Superman’s Pal Jimmy Olsen #4 // Review
The first three issues of Superman’s Pal Jimmy Olsen were brilliant but confusing, zipping back and forth through time and introducing new characters and concepts with minimal context. The fourth issue changes all that. Not only is it a relatively linear issue, but in the story, Jimmy draws all the connections for Lois Lane (and the reader), making sense of the elements of the first three issues. It’s a shame Lois doesn’t believe him.
Jimmy Olsen is masquerading as his alter-ego, “Timmy” Olsen, a viral video prank celebrity who does awful things like put bees in Dr. Fate’s helmet or deliver revolving doors to Arkham Asylum. Jimmy reaches out to Lois for help in solving his predicament, with digressions into the adventures of Jimmy’s landlord and an ill-advised confrontation with Lex Luthor. Also, Jimmy may have stolen a wheel off of the Batmobile.

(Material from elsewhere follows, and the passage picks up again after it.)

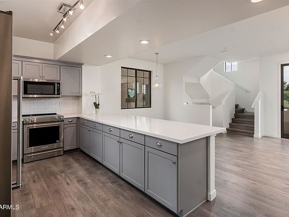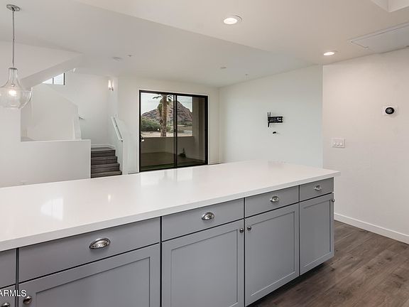 Welcome to your clean, modern 1,654 SF townhome with views, privacy & advantageous location. Kitchen offers KitchenAid appliances, 8 drawers, 17 cabinet doors. Stain-resistant quartz counters thru-out. Each of three floors offers 1 bedroom/1 bath. Primary Suite is entire 3rd floor with 11'6'' vaulted ceiling, office/sitting room, marble floor/tub surround & views of Papago Mountains from Juliet balcony. Enjoy extra windows in living room & office thanks to being an end unit. Interior laundry is on 1st floor. Professionally cleaned throughout including tile floor and carpet. Both AC units recently serviced. Gated community with pool & spa. Quick access to Phoenix, Scottsdale, Tempe & Sky Harbor Airport. Proximity to Phoenix Zoo & Botanical Garden, Papago Park & upcoming Scottsdale Entrada.

Matt Fraction’s writing is at its most fantastically zany here. His depiction of “Timmy” Olsen as just insufferable is beautifully executed, with more than a gag per panel and layers upon layers of detail. Fraction is weaving a demented web with this title, and it’s beautiful to behold.
The art by Steve Lieber is equally demented. One fantastic sequence has a miniature Jimmy Olsen navigating Jimmy’s crazy-board as he tries to explain to Lois the long-standing enmity between his family and the Luthors, and their place in Metropolis. Lieber also definitively answers one of the significant questions of the series--yes, Metropolis’ mayor is indeed an actual dinosaur. Colorist Nathan Fairbairn does a great job managing all the different locales of the book. Fairbairn’s Metropolis is much different from his Gotham City, as it should be. Letterer Clayton Cowles has the unenviable job of managing all of Fraction’s wordy narration boxes, but he handles it masterfully.
Superman’s Pal Jimmy Olsen remains the funniest book that DC is currently publishing, by a mile. As it hits its first third (the book is a 12-issue limited series), its larger design becomes slightly more visible, which makes it all the more exciting.